Of course, the sonnet has 'not anile well', as we say now; but there are some who now think Brooke was being ironic in these patriotic poems, then it's hard to tell what he himself thought. Still, the bulletin of the verse form seems to be that, paradoxically, war brings a kind of inner peace – a sense of laurels and duty and cocky-worth – which his generation needed, in 'a earth grown sometime and common cold and weary'.

The verse form offers a different take on the thought of 'peace' from other poems in this list, and contains the lines:

Oh! nosotros, who have known shame, we have found release there,
Where there'southward no sick, no grief, simply slumber has mending,
Zero broken save this trunk, lost simply breath;
Nothing to milkshake the laughing centre's long peace there
But only desperation, and that has catastrophe;
And the worst friend and enemy is but Expiry.

9. Patrick Kavanagh, 'Peace'.

The Irish poet (and novelist) Patrick Kavanagh (1904-67) really should be more widely read exterior of his native country than he is: he was a technical chief of many forms and wrote beautifully nearly the natural world as well as the people of Ireland.
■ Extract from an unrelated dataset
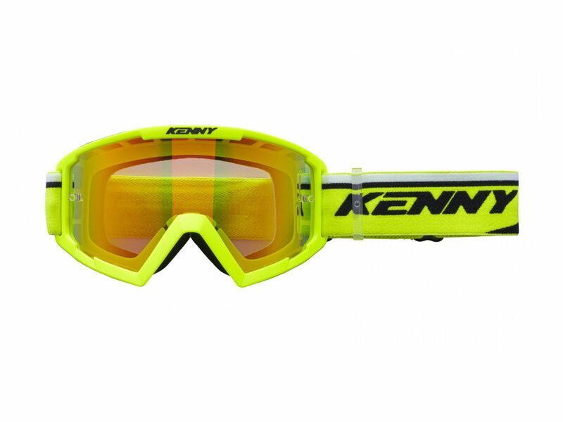 Kenny Track + Goggle Neon Yellow with Red Irridium Lense and supple polyurethane frame with double density foam. The silicone band provide better grip and the AF/AS lense is fully compatible with tear off.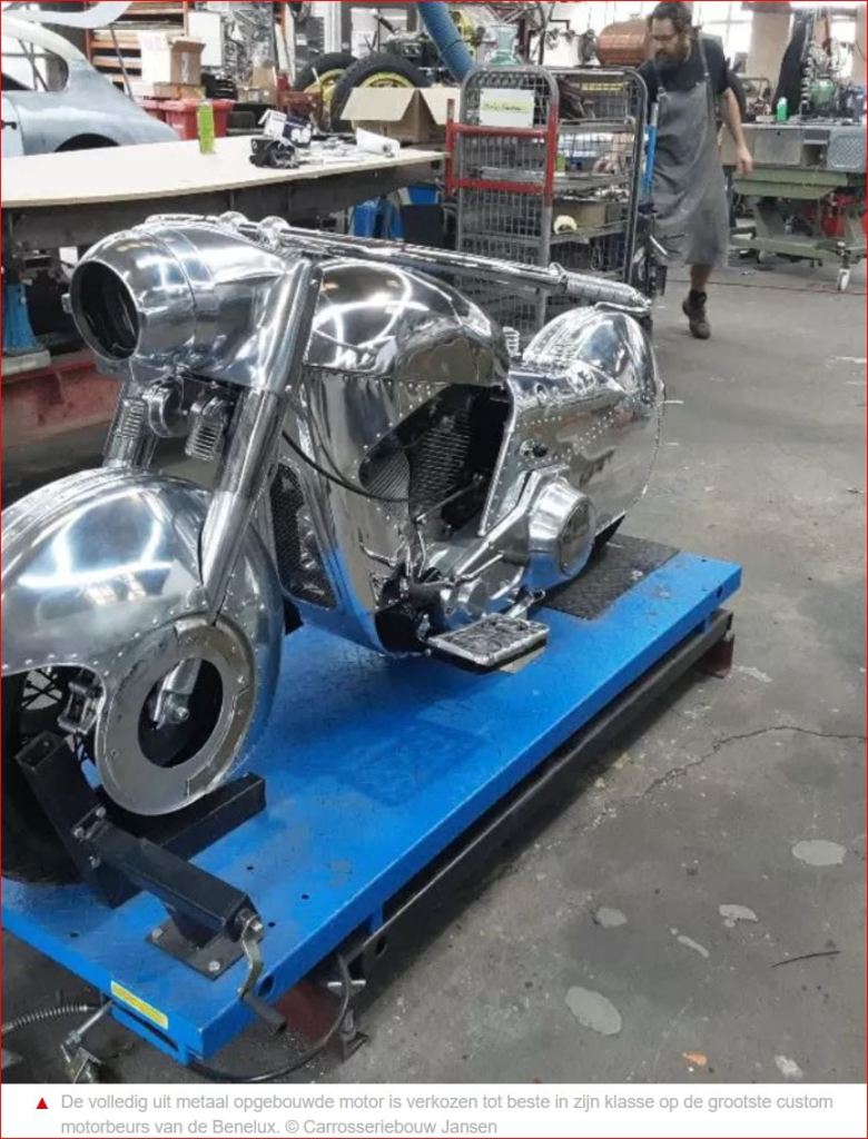 De van voor tot achter glimmende Harley Davidson is ontworpen door Stef van der Bijl, geboren in Deventer. De mannen van Jansen Restorations uit Wesepe hebben de motor volgens dat ontwerp gemaakt. Een succesformule, want de volledig uit metaal opgebouwde tweewieler is verkozen tot beste in zijn klasse op de grootste custom motorbeurs van de Benelux. Wat je dan wint? ,,De komende vijf jaar mogen we op alle motorshows van de wereld staan.’’

In 'Peace', he nearly seems to be channelling the spirit of the nineteenth-century nature poet John Clare.

10. Wendell Berry, 'The Peace of Wild Things'.

Let's conclude this pick of classic peace poems with a more recent instance, from the American poet Wendell Berry (built-in 1934).

Although the juxtaposition of 'peace' with 'wild' in the poem's title sounds almost contradictory, this short lyric powerfully captures the benefits of going among nature to forget out human habit of worrying or despairing virtually the future. Animals lack 'forethought' and don't waste fourth dimension worrying about the future; perhaps nosotros tin learn wisdom from them on that.

The writer of this article, Dr Oliver Tearle, is a literary critic and lecturer in English at Loughborough Academy. He is the author of, among others,The Secret Library: A Book-Lovers' Journey Through Curiosities of History  andThe Great War, The Waste Land and the Modernist Long Poem.